No hate here. I have a 615 and I feel like I got what I paid for (didn't pay sticker). It's a nice mando but I've played better, include some other Eastmans. There is some sloppyness in the workmanship and such. Not unhappy with it, not terribly thrilled with it. My Kentucky 380s was much more bang for the buck than my Eastman. A third of the price and sounds slightly better. 

Played a used webber the other day and an old montana flatiron. That's where I'm headed next.

----------


## guitharsis

I've owned 3 Eastmans, two 604's and one 804.  They were all nice instruments well worth the price paid for them.  One of the 604's was outstanding.  Should've kept it.  :Smile:

----------


## LKN2MYIS

I'd buy my Eastman blonde 2-pointer again in a minute. 

Plays sweetly, sounds real good, and is a stunner.  Got mine from Steve Perry.

----------


## devildog

I have an Eastman 815 Blonde left hand.  I love it.  The fit and finish is perfect, it sounds great and has great action.  I say this from the perspective of owning a Weber Yellowstone and Absaroka and a Breedlove KF.  The case is great too.  I couldn't be happier.  When you factor in the price, it is a phenomenal instrument.  The Breedlove has a wider neck and much simpler appointments but sounds similar.  The Webers (both radius) have a similar action but are a bit woodier and slightly louder (but this may also be a factor of age).  

Contrary to other posters, I really can't get over the fit and finish.  I give it a slight edge over the other instruments.  Mine is a Spring 08 manufacture.  Maybe they are increasing the build quality over time.

----------


## Chris Willingham

i'm an extremely satisfied eastman owner. Happy Steve Perry customer too. I don't know what he does, but the mandovoodoo makes a difference.

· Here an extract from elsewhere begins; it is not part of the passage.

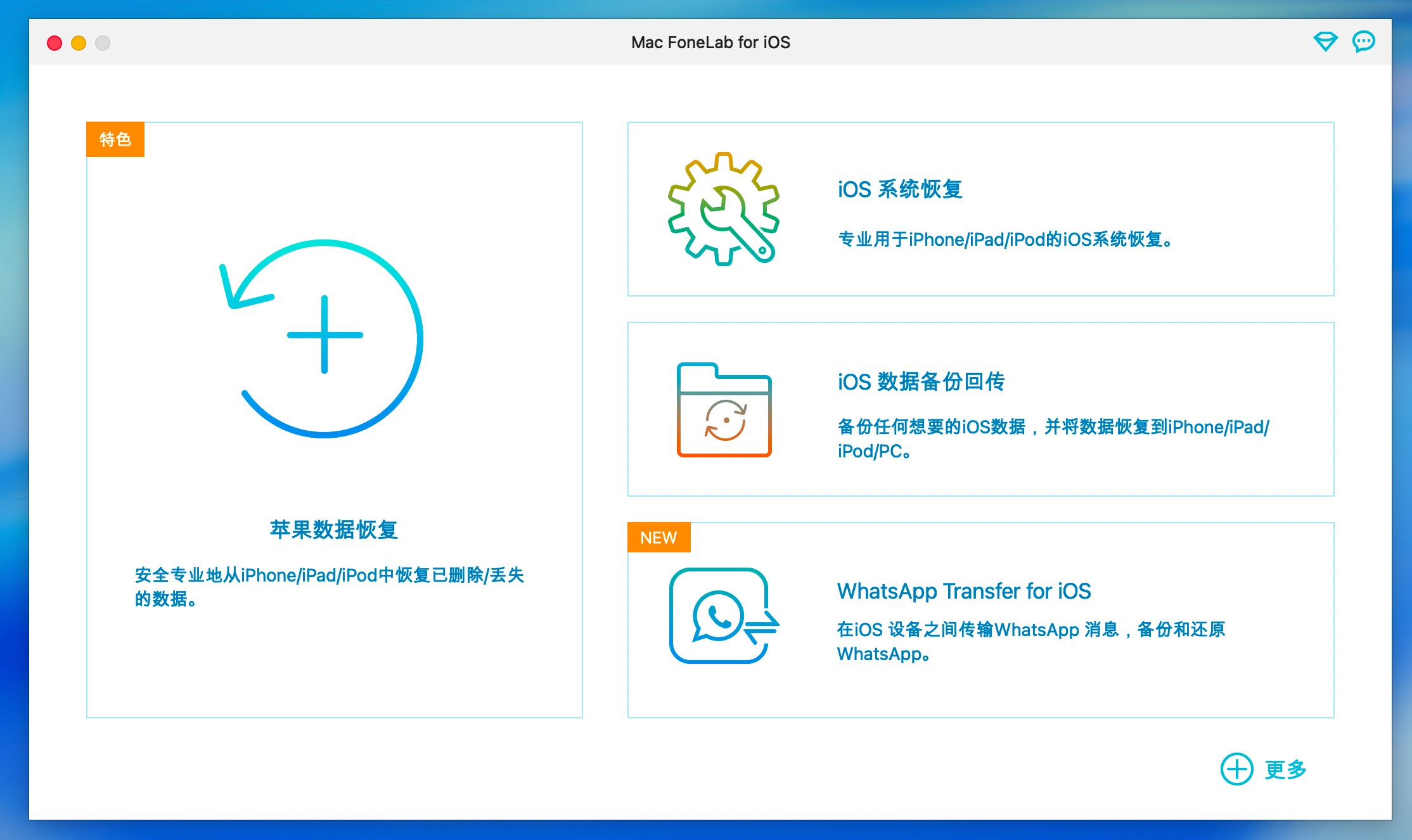 Mac FoneLab for iOS 是一款功能全面的 iOS 数据恢复工具,在 macOS 平台上提供了从“数据找回”到“系统修复”的一站式解决方案。它最大的优势在于支持多种恢复方式以及可视化选择恢复,既提高了成功率,也降低了使用门槛。
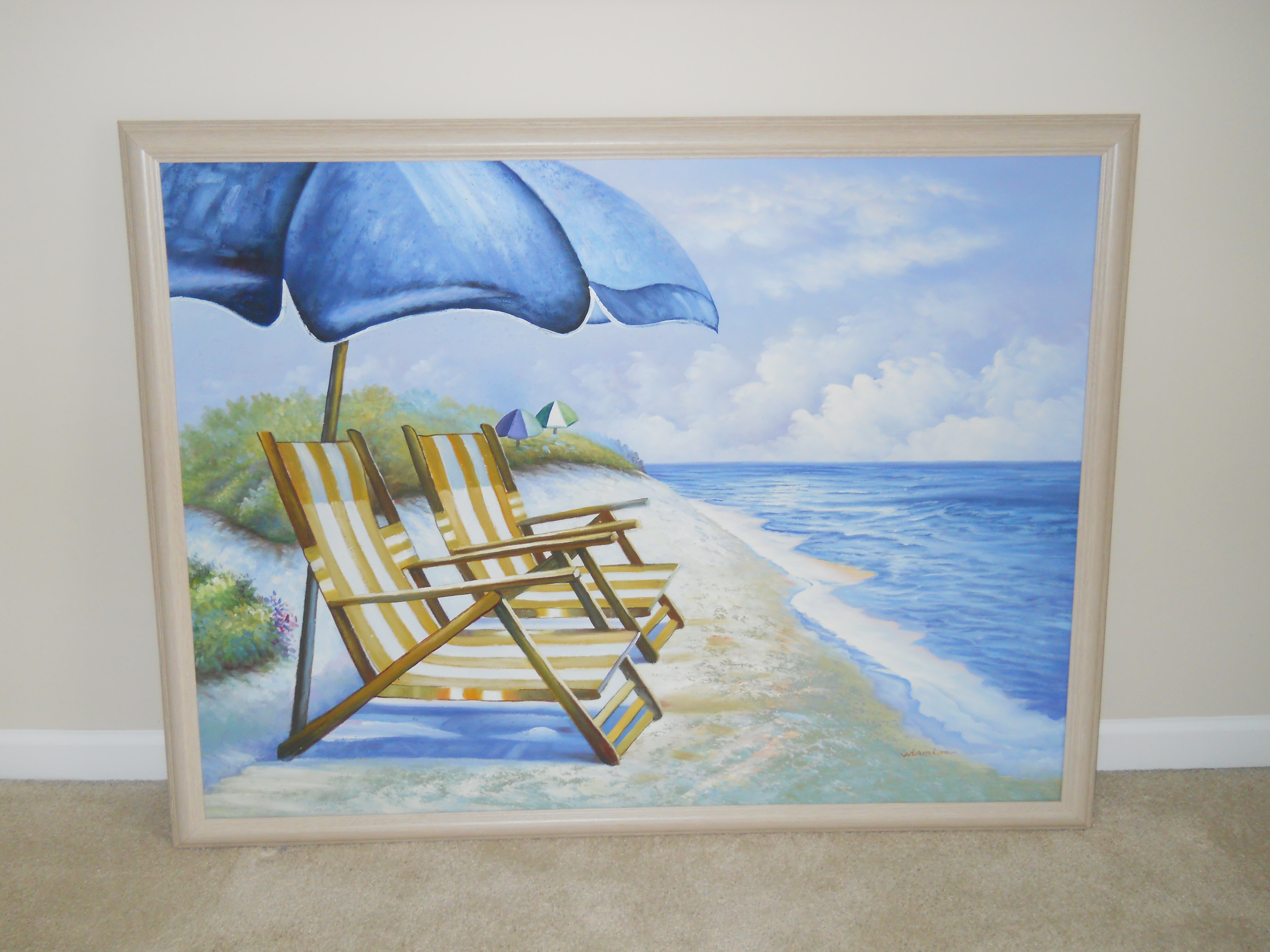 This is as close as I am getting to a beach right now. I love this painting because it gives me the feeling of peace, tranquility and serenity. Same things, just sound different. It is a big painting, that probably I will have to depart with because I won’t have any space for it in my new digs. Two chairs, did you notice…, that was supposed to be Ron and me enjoying the sun at a beautiful beach somewhere in paradise.

I've played bass since I was a kid, switched to mando about a year and a half ago. went through a johnson cheapo, upgraded to a micheal kelly for about two days, decided there should be more sound for the money. played three eastman's at a shop in okc. sold on eastman, but went with gianna's violins due to the mandovoodoo and superior setup. 

A small shop builder who lives nearby played my eastman a few weeks ago. Granted, his mandos sound and play way better, but cost much more. He was very impressed with my 815, especially for the cost. 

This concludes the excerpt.